Introduced August 5, 2025 by Mariannette Miller-Meeks · Last progress August 5, 2025
The bill substantially expands and clarifies pathways, remote processing, and benefits for Afghan nationals and allied applicants—speeding family reunification and resettlement—while increasing federal costs, administrative burdens, privacy risks, and leaving some applicants excluded or subject to delayed citizenship through conditional statuses.
Afghan nationals, U.S. allies, and eligible family members gain clearer and expanded legal pathways to enter or remain in the U.S. (conditional LPR, refugee referral, SIV eligibility, and statutory eligibility categories are created or preserved).
Applicants (including Afghans and SIV/refugee candidates) get faster and more flexible processing through remote processing, virtual consular interviews, and a secure online portal, reducing travel and wait times.
Eligible beneficiaries (Afghans and certain family members) can access refugee-equivalent resettlement assistance, benefit referrals, and exemptions from some means-tested bars, improving access to services and supports.
Taxpayers face higher federal costs because expanded processing, refugee-equivalent benefits, additional staffing, remote-processing systems, and fee waivers increase budgetary obligations.
Immigrants and applicants face heightened privacy and data-security risks from expanded collection and sharing of biographic and biometric information and more-disaggregated public reporting.
Federal agencies and staff may incur significant administrative burden and costs from new reporting requirements, interagency task forces, updated procedures, and vetting responsibilities, potentially diverting resources from case adjudication.
Based on analysis of 10 sections of legislative text.
Creates conditional LPR status and refugee designation for many Afghan allies, adds a capped SIV category for parents/siblings of U.S. service members, expands remote processing and waives certain fees.
Creates multiple immigration pathways and processing rules for Afghan nationals and certain family members of U.S. service members.
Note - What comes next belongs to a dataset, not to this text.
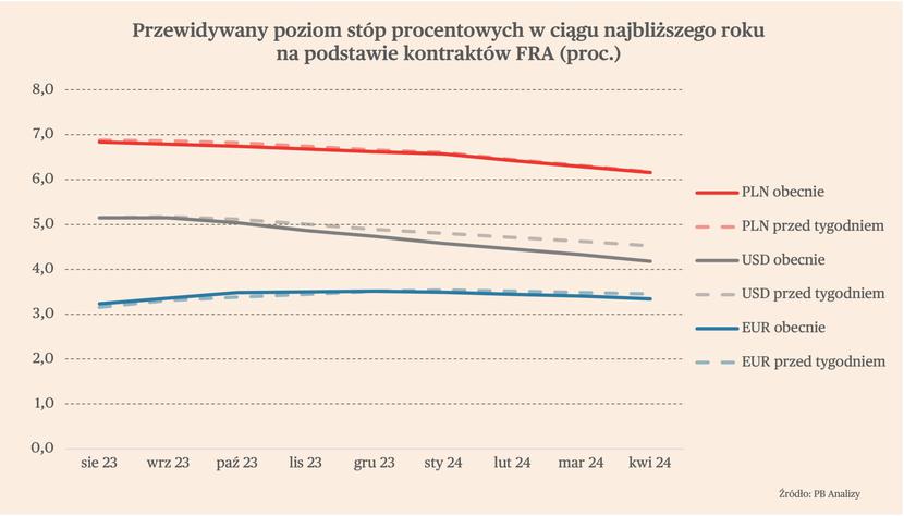 W ciągu ostatniego tygodnia rynek lekko obniżył swoje przewidywania co do przyszłej ścieżki stóp w USA. Obecnie kontrakty terminowe wyceniają, że nastąpi jeszcze jedna podwyżka stóp o 25 pb., do poziomu 5-5,25 proc., a od IV kw. zaczną się obniżki kosztu pieniądza w dolarach. Za rok stopa procentowa w USA ma znaleźć się na poziomie 4-4,25 proc.
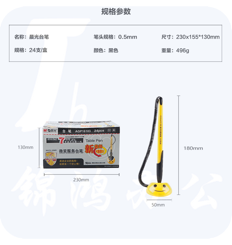 晨光AGP16103微笑0.5mm黑色台笔 可黏贴签字笔中性笔

It lets qualifying Afghans already in the United States apply for conditional permanent resident status, designates a broad class of "Afghan allies" as refugees of special humanitarian concern, creates a limited special immigrant visa category for parents and siblings of U.S. service members or veterans, authorizes fee waivers, expands remote processing and biometric flexibility, and requires ongoing agency reporting and staffing to support admissions and vetting. Also authorizes remote consular processing and other operational steps while no embassy is operating in Afghanistan, sets numerical limits and timeframes for new visa categories, extends some program deadlines, and requires periodic reporting to Congress on status, removals, and vetting outcomes.